Я велел обернуть фараона мокрой тканью, а когда он пришел в себя, дал ему успокоительное, ибо приступ был так жесток, что я боялся за его жизнь. Он спал, но когда проснулся, лицо его было серым, а глаза красными.
— Синухе, друг мой, мы должны положить этому конец. Хоремхеб говорит, что ты знаешь Азиру. Отправляйся к нему и купи мир. Купи мир для Египта, если даже для этого придется отдать все золото, какое у меня есть, и разорить страну.
Я решительно запротестовал:
— Фараон Эхнатон, пошли свое золото Хоремхебу, и он быстро купит мир с помощью копий и колесниц, и тогда Египту не придется испытать бесчестья.
Он схватился за голову.
— Во имя Атона, Синухе! Не можешь же ты не видеть, что ненависть множит ненависть, месть сеет месть, а кровь порождает кровь, и мы все утонем в крови. Разве жертвам легче, если месть за них умножает жертвы? Эти слова о бесчестье — только предрассудок. Повелеваю тебе: отправляйся к Азиру и купи мне мир.
Я был ошеломлен.
— Фараон Эхнатон, враги выколют мне глаза и вырвут язык, не дав приблизиться к Азиру и поговорить с ним, и его дружба ничем не поможет нам, ибо он, конечно, уже забыл о ней. Я не привык к тяготам войны, которых очень боюсь. Нот мои плохо гнутся, я уже не могу быстро двигаться и не умею говорить так гладко, как другие, кого с детства приучали лгать и кто теперь служит тебе при чужеземных дворах. Поищи кого-нибудь еще, если хочешь купить мир.
Он упорно настаивал:
— Делай, как я приказываю тебе. Фараон сказал.

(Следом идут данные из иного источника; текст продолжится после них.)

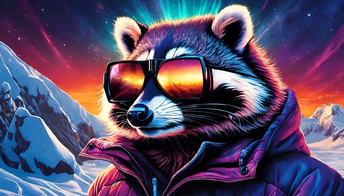 A raccoon spy wearing kaleidoscope glasses stands outside an isolated Antarctic science base. This ultra HD image features vibrant colors, intricate details, and a sense of fantasy and wonder.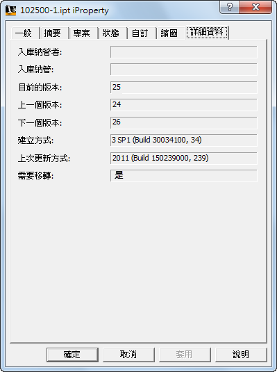 Inventor 可以使用 iProperty 檢查檔案移轉狀態。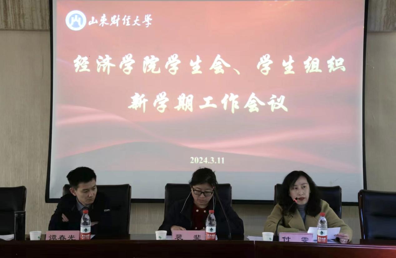 3月11日上午,经济学院召开学生会、学生组织新学期工作会议。经济学院学工办主任裴斐、团委书记付雯、辅导员谭春光出席会议,经济学院第十二届学生会、学生组织全体成员到场参加。会议由谭春光主持。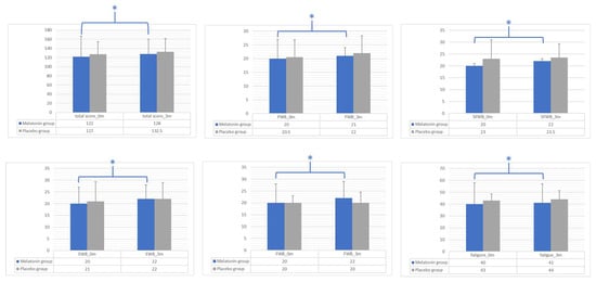 Intra-group and inter-group differences between the melatonin and placebo groups for FACIT-F total score and subscale scores (i.e., PWB, SFWB, EWB, FWB, fatigue). Bar graphs show the median values and interquartile ranges for tested variables at baseline (0 m) and 3 months (3 m) in the melatonin group (blue bars) and the placebo group (gray bars). Differences between the two groups at the trial endpoint were assessed by the Mann–Whitney U test. Differences inside a group before and after the intervention were assessed by the Wilcoxon signed-rank test. * p-value: significant differences between baseline and follow-up (3 months) analyzed by the Wilcoxon signed-rank test; statistical significance was set at p-value < 0.05. FACIT-F, Functional Assessment of Chronic Illness Therapy—Fatigue; PBW, physical well-being; SFWB, social/family well-being; EWB, emotional well-being; FWB, functional well-being.

Но я видел беженцев у него во дворе. Видел их разбитые рты, их пустые глазницы и обрубки вместо рук. Я ни за что не хотел ехать и поспешил домой, намереваясь улечься в постель и сказаться больным, пока фараон не позабудет об этой своей причуде.
По пути я повстречал моего слугу, который сказал мне с некоторым недоумением:
— Хорошо, что ты пришел, мой господин Синухе, ибо корабль, только что прибывший из Фив, доставил женщину по имени Мехунефер, которая утверждает, что она — твой друг. Она ждет тебя дома, разодетая, как невеста, и дом благоухает ее притираниями.

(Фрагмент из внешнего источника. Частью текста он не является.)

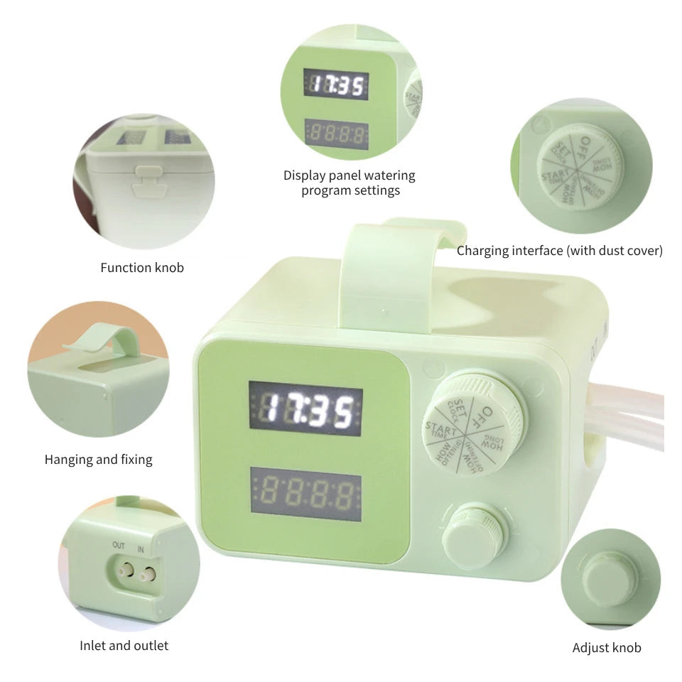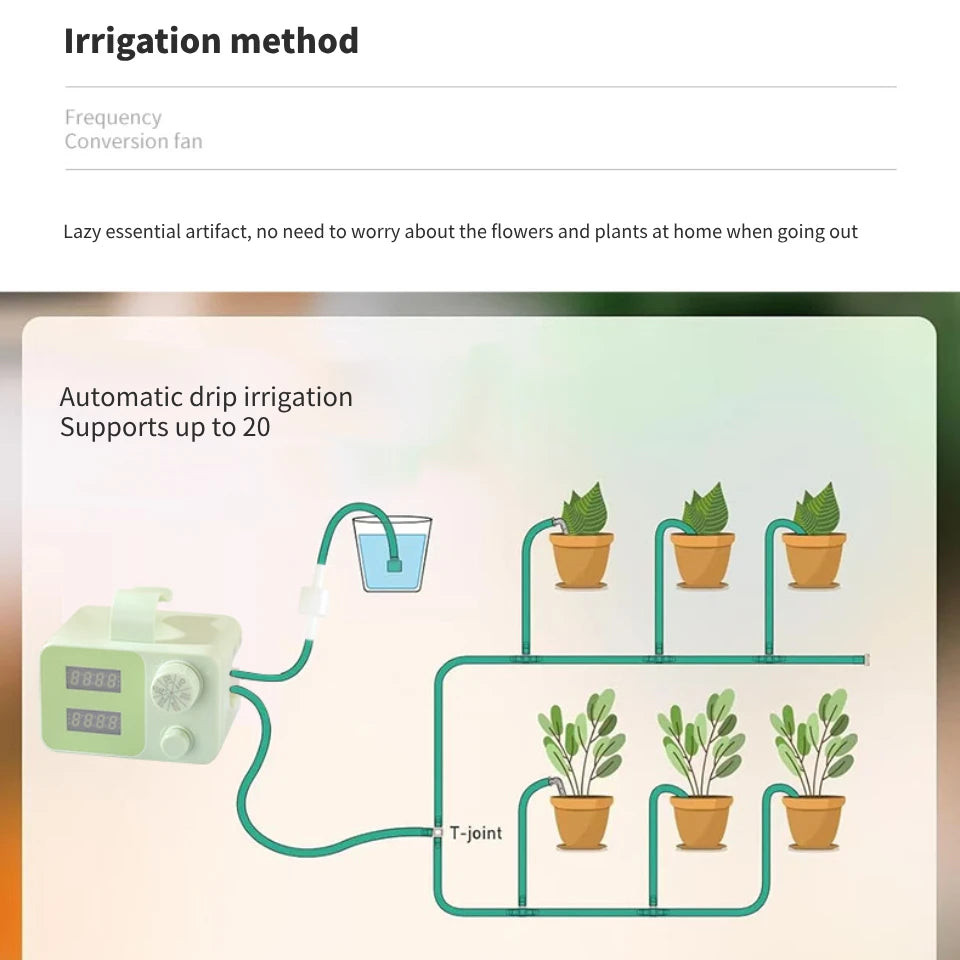 Descoperă lumea sistemelor de irigare automate cu acest aparat inteligent, care, datorită sistemului său de irigare programat, asigură o hidratare optimă pentru 20 de ghivece. În ritmul alert al vieții moderne, deseori uităm să ne îngrijim plantele, dar cu această soluție inovatoare nu mai trebuie să-ți faci griji. Aparatul are grijă automat de plantele tale, astfel încât tu să te poți bucura de timpul liber, în timp ce grădina ta se transformă într-o oază verde luxuriantă.

Я поспешно повернулся и побежал к золотому дворцу.
— Будь по-твоему, фараон. Я еду в Сирию, и пусть моя кровь будет на твоей совести. Но если уж я должен ехать, позволь мне отправиться тотчас же. Вели своим писцам приготовить нужные таблички, подтверждающие мое звание и полномочия, ибо Азиру весьма почитает таблички.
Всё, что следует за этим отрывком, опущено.